I could have the greatest voice on earth and sound sour straight through if I didn’t listen first. By listening, I know where I am. By listening, I learn what’s going on. By listening, I suddenly understand why my part’s got that weird leap in that one spot, because the harmony changes in just such a way as to make your heart burst. By listening, I know exactly when I’m off.

Recently I’ve run into a bunch of lists of “What not to say when [insert dilemma here]”, well-meaning articles on the damage we do when we answer the our friends’ stories with bad cliches. Sometimes, reading them, I can hear the writer’s own heartbreak, the sore spots left by empty words and hollow friendships. Some lists are bitter, some are self-righteous, many are defensive, and some make good points. A few get filed away in the back of my mind. But I kinda think we could skip a lot of that if we spoke with our ears.

That doesn’t come naturally to everyone. Some of us don’t have the best hearing. Many weren’t born with the talent. But I don’t know that there are any who can’t learn. Those who are deaf still feel the beat.

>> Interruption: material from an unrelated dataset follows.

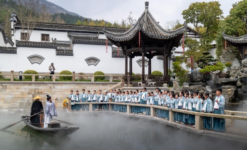 4月1日开始,一批批研学团队有序进入青阳县陵阳镇屈原文化园。孩子们身着古装,沉浸式感受“路漫漫其修远兮,吾将上下而求索”的意境与爱国情怀。据介绍,针对春假,青阳县开发推出了九子岩自然文化研旅基地、宝镁轻合金工业研旅基地、屈原文化旅游区研旅基地、天下粮仓九华神龙谷研旅基地、青阳腔博物馆非遗研旅基地等多条研学线路,并受到各方好评与欢迎。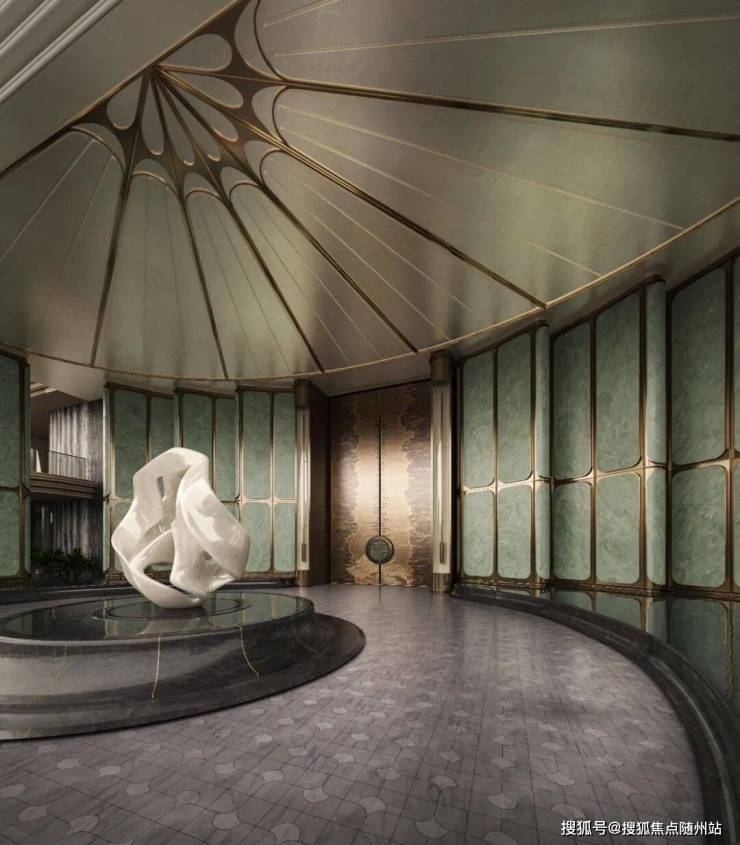 项目作为保利天字系,无疑是金字塔尖的豪宅产品,仅大门的设计就颠覆传统:扇形+巨大铜门,辅以青绿奢石,不愧是七度蝉联“全国十大顶豪”称号的保利天系产品。

Some people refuse to listen. They probably shouldn’t be in choir.

I kinda feel like listening comes too naturally to me. With all my empathy, it doesn’t take much for me to absorb the other person’s problem like it was my own. I may plug my ears just to keep the problem from becoming mine, from feeling all that pain and suffering that don’t belong to me. Which, it isn’t my problem. But that’s not an excuse to say callous things. I’d be wiser to sit out the song. As much as I love choir, sometimes I have to do that.

And the other person may be wrong. They may have got facts wrong, or missed something important. They may be wallowing in self-pity or deep in denial, or bitter to the point of rottenness. Some may even bear most of the fault. Our brains must still stay on, analyzing and measuring and reading the music. We’ve got to listen to more than one voice, to every part that’s singing, and to any other instrument in play. Only the director is always right. My entire section can miss an entrance, and it’s no excuse if I miss it too. My singing it right may be all that someone else needed when the director cuts us off and tells us to try it again. And there will be times when I’m the one who read the music wrong.

Even the director is directing with his ears. He’s in front and sure, he’s always right, but if he isn’t listening to us, how can he lead us? How are we ever gonna come in together, or cut off as one? It’s hard to correct us if he doesn’t hear what went wrong. It’s hard to take us somewhere if he doesn’t know where we started. If he’s not following, he’s never gonna lead.

Every voice is different, or there’d be no point to choir. Soprano, alto, tenor, and bass are only the beginning: voice types come in dozens and still fail to span the breadth of the human race. Some of us are stronger, some are less so. Some have decades of experience, some have formal training, some can’t read music but can pick harmonies out of the air. There are “dark” voices and “bright” voices, “thin” and “rich” and “clear” and “full” and a thousand other things. None of these is better than the choir, and none makes a choir on its own. We need them all to make it work, and every last one of them needs to listen.

We never know everything. We never know all the details about what someone’s going through, all the dynamics and history and messy stuff infusing their thoughts and chewing on their lives. On the other hand, we always know something. There’s always something we can relate to. There’s always a point of contact, however small. When we suffer, we can’t always put it all into words, so we can’t always expect other people to do so either. But we can listen. We can always listen. We can listen and not argue when we’re told we’re wrong. We can listen to reasons our advice may fall flat. We can listen to the pain and the heartbreak and the longing and the grief, and in listening alone do more than advice ever could. And if eventually we do speak, we’ll be speaking with ears open, with understanding. Maybe we’ll even know the right thing to say.

Sound one note, and a choir can sing a six-part chord in perfect harmony. But only if they’re listening.